- [DATA FOR ANALYSIS]:
......

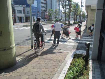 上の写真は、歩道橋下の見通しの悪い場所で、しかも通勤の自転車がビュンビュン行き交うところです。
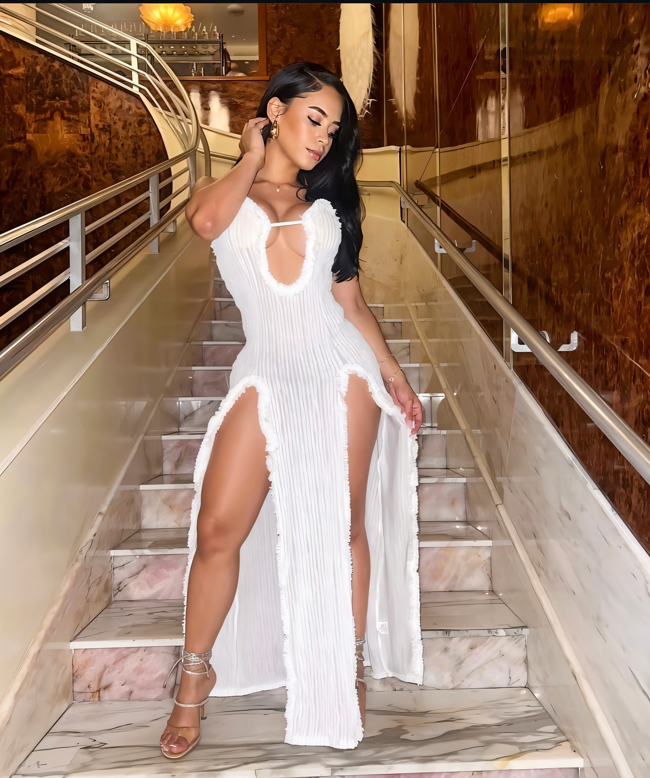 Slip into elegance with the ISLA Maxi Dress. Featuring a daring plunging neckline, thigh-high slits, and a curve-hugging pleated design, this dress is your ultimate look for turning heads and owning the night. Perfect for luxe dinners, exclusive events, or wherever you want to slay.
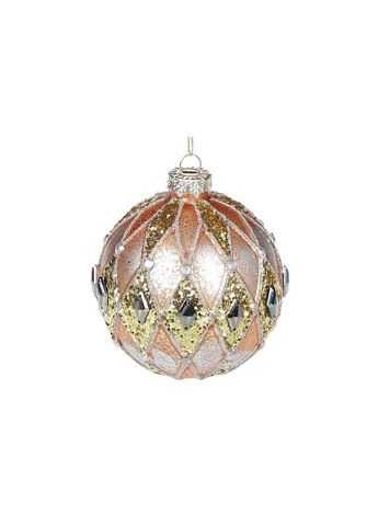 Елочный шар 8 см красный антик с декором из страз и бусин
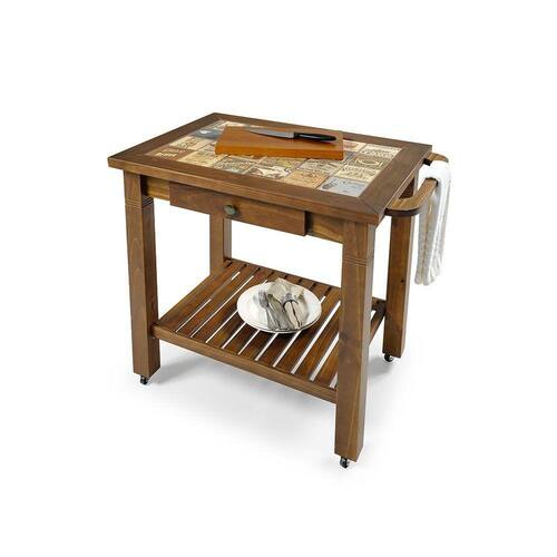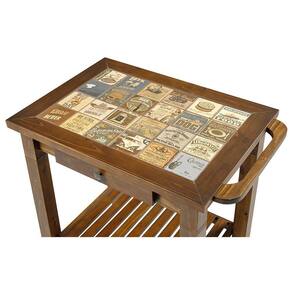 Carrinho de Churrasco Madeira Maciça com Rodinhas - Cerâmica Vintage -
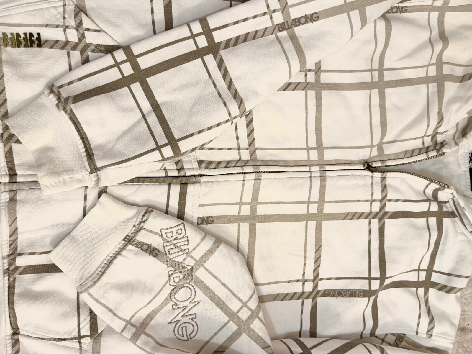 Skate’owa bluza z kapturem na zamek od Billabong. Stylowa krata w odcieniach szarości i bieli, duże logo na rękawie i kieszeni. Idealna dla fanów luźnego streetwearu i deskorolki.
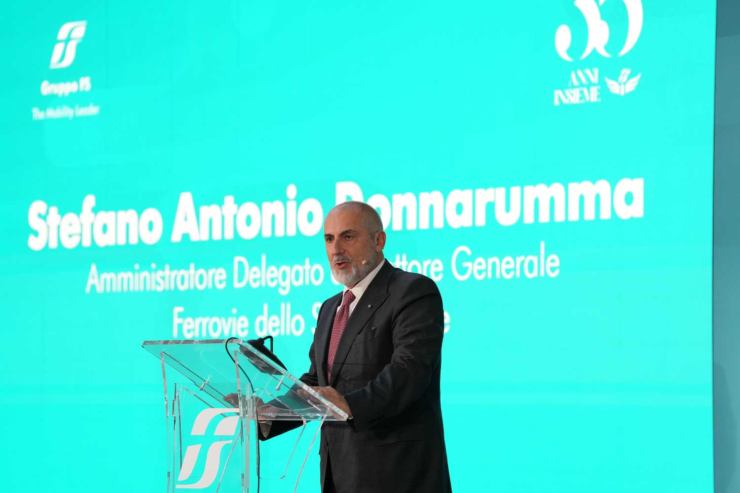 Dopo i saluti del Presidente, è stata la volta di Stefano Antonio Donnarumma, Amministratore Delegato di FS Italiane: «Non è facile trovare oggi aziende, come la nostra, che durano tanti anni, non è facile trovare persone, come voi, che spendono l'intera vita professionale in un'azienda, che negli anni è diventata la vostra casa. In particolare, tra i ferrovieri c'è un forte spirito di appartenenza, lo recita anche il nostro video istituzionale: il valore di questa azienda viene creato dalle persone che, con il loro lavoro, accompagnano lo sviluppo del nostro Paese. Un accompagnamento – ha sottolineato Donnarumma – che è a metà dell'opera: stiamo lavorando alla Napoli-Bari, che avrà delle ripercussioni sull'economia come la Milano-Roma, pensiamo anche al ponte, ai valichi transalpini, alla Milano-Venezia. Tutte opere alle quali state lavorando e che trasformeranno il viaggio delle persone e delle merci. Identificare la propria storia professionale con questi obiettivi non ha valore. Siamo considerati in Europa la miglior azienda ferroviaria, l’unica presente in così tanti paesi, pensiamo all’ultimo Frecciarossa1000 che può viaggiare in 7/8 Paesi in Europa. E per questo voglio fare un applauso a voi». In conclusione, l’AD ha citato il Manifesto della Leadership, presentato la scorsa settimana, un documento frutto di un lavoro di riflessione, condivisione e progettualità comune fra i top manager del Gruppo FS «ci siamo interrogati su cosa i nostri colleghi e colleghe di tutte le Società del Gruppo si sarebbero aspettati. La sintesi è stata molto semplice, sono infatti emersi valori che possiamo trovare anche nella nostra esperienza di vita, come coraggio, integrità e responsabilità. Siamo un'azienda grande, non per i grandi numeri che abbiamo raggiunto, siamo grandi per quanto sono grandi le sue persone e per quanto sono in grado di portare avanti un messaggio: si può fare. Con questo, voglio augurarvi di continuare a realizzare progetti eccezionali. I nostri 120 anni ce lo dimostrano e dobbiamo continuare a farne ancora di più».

......

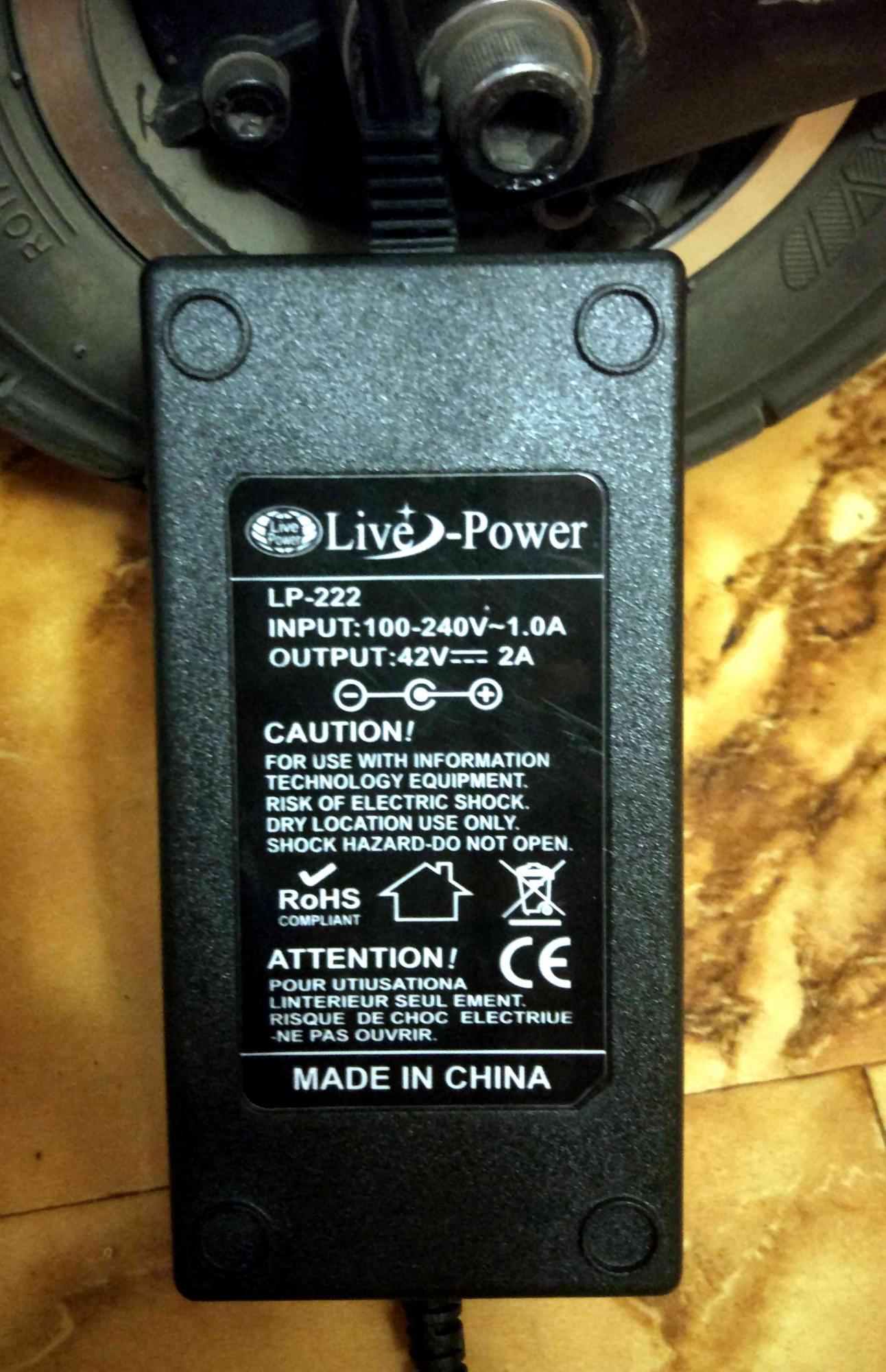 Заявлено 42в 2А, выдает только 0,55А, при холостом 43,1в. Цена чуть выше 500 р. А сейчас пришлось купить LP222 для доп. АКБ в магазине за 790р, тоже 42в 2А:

......

- [TASK ITEM]: Return exactly the stretch above whose first line contains "Елочный шар 8" and whose last line contains "Carrinho de Churrasco", and nothing outside it. The pictures should not appear.

- [EXPECTED ANSWER]:
 Елочный шар 8 см красный антик с декором из страз и бусин
 Carrinho de Churrasco Madeira Maciça com Rodinhas - Cerâmica Vintage -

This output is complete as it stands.